Segment Start: The input
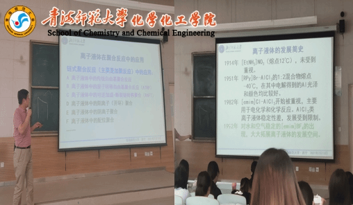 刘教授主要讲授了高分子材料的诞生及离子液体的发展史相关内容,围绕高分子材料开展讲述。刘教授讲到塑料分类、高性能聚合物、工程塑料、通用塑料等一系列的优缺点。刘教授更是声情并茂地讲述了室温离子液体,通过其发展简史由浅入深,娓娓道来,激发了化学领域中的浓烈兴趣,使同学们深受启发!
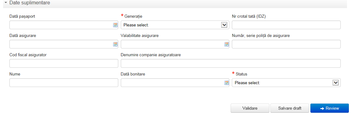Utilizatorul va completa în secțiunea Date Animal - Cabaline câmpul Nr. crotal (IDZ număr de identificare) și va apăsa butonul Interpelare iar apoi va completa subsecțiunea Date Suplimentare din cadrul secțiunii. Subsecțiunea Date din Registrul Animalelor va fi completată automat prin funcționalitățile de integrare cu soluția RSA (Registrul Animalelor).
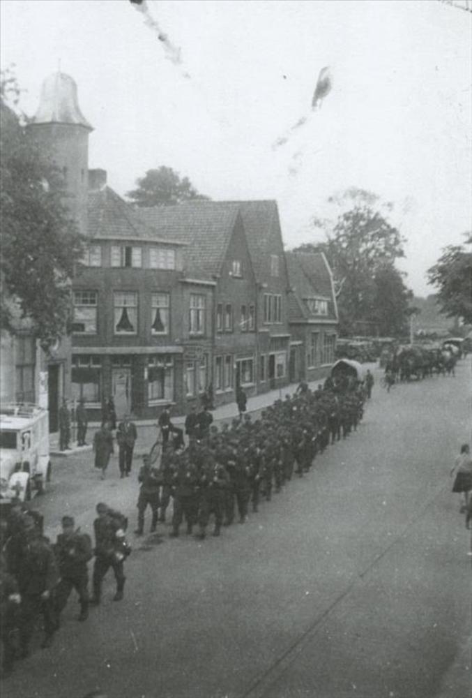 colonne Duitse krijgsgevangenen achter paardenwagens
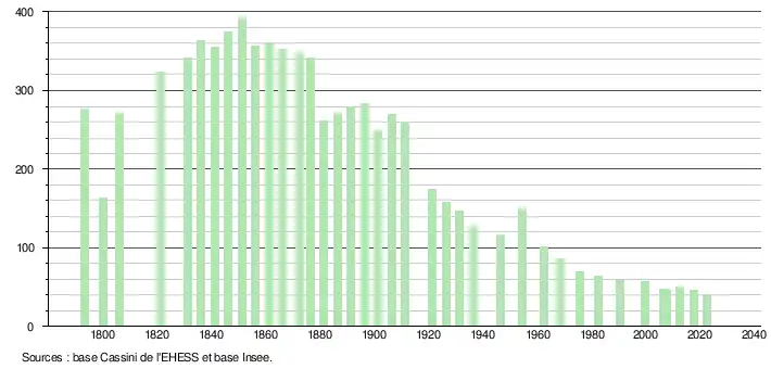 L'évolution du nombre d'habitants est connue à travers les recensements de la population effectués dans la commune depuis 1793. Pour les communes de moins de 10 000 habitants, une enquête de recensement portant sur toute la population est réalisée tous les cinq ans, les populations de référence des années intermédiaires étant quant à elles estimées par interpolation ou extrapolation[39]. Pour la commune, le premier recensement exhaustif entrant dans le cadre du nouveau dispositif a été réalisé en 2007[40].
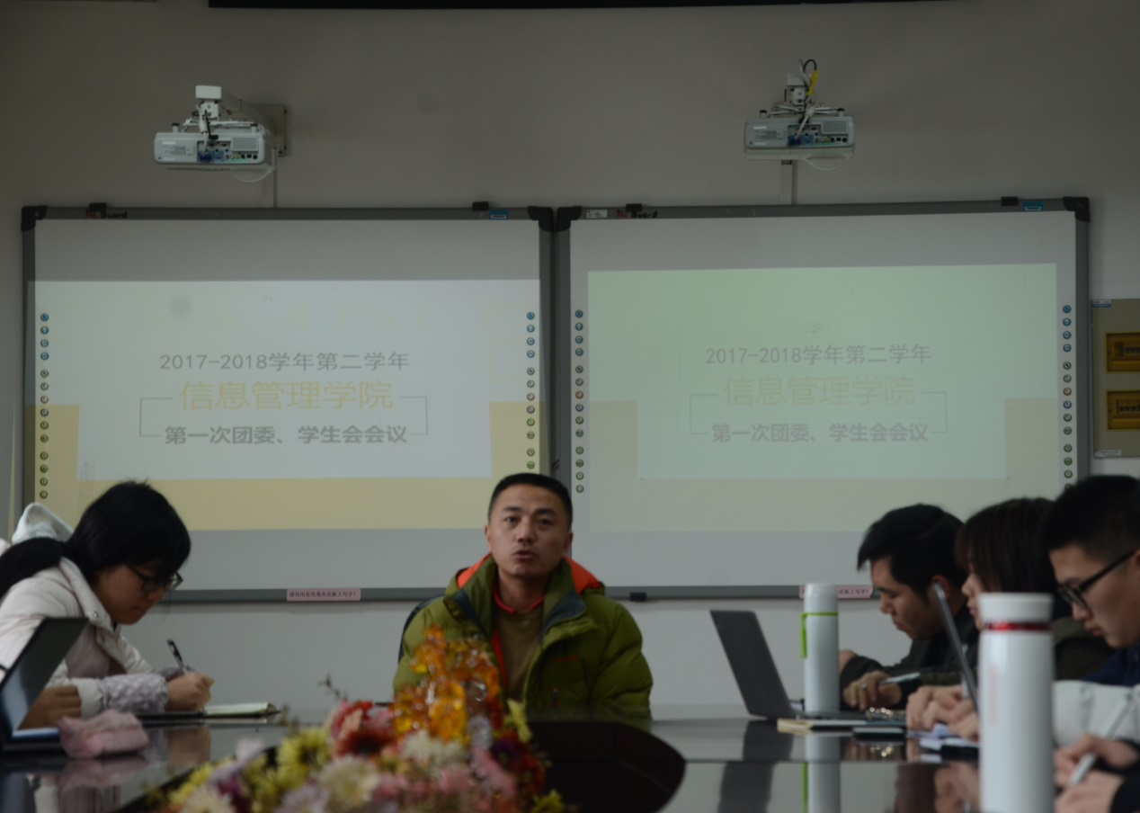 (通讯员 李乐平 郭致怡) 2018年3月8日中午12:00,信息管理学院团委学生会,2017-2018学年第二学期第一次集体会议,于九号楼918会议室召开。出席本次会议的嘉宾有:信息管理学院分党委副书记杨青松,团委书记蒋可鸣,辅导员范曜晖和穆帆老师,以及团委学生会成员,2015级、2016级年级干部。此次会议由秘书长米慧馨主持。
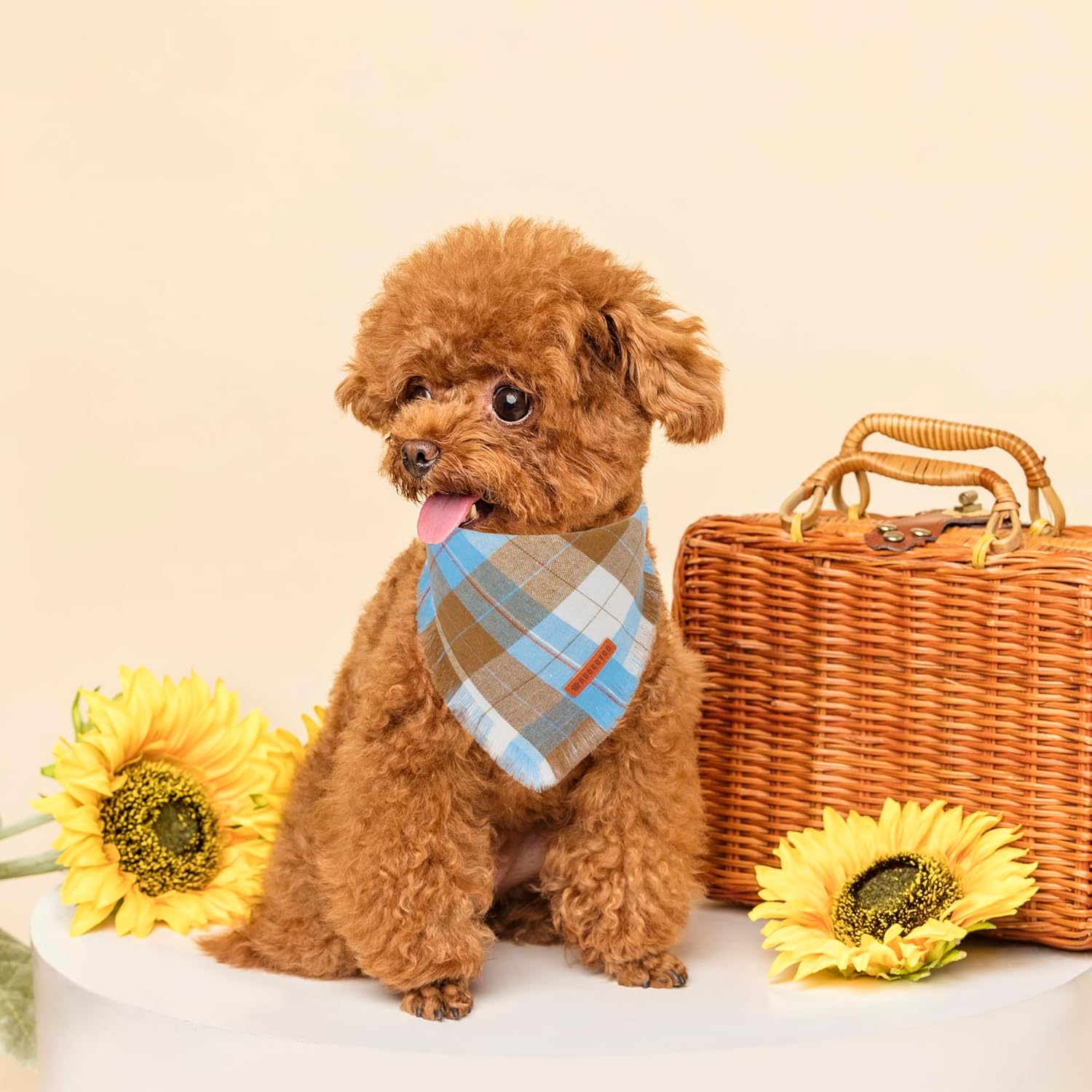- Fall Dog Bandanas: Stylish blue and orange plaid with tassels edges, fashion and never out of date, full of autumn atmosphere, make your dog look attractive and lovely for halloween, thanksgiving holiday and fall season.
Segment End: The input
_Work task_. Nothing but an exact copy of the data, without its images, should make up your answer.

_Written answer_.
 刘教授主要讲授了高分子材料的诞生及离子液体的发展史相关内容,围绕高分子材料开展讲述。刘教授讲到塑料分类、高性能聚合物、工程塑料、通用塑料等一系列的优缺点。刘教授更是声情并茂地讲述了室温离子液体,通过其发展简史由浅入深,娓娓道来,激发了化学领域中的浓烈兴趣,使同学们深受启发!
Utilizatorul va completa în secțiunea Date Animal - Cabaline câmpul Nr. crotal (IDZ număr de identificare) și va apăsa butonul Interpelare iar apoi va completa subsecțiunea Date Suplimentare din cadrul secțiunii. Subsecțiunea Date din Registrul Animalelor va fi completată automat prin funcționalitățile de integrare cu soluția RSA (Registrul Animalelor).
 colonne Duitse krijgsgevangenen achter paardenwagens
 L'évolution du nombre d'habitants est connue à travers les recensements de la population effectués dans la commune depuis 1793. Pour les communes de moins de 10 000 habitants, une enquête de recensement portant sur toute la population est réalisée tous les cinq ans, les populations de référence des années intermédiaires étant quant à elles estimées par interpolation ou extrapolation[39]. Pour la commune, le premier recensement exhaustif entrant dans le cadre du nouveau dispositif a été réalisé en 2007[40].
 (通讯员 李乐平 郭致怡) 2018年3月8日中午12:00,信息管理学院团委学生会,2017-2018学年第二学期第一次集体会议,于九号楼918会议室召开。出席本次会议的嘉宾有:信息管理学院分党委副书记杨青松,团委书记蒋可鸣,辅导员范曜晖和穆帆老师,以及团委学生会成员,2015级、2016级年级干部。此次会议由秘书长米慧馨主持。
- Fall Dog Bandanas: Stylish blue and orange plaid with tassels edges, fashion and never out of date, full of autumn atmosphere, make your dog look attractive and lovely for halloween, thanksgiving holiday and fall season.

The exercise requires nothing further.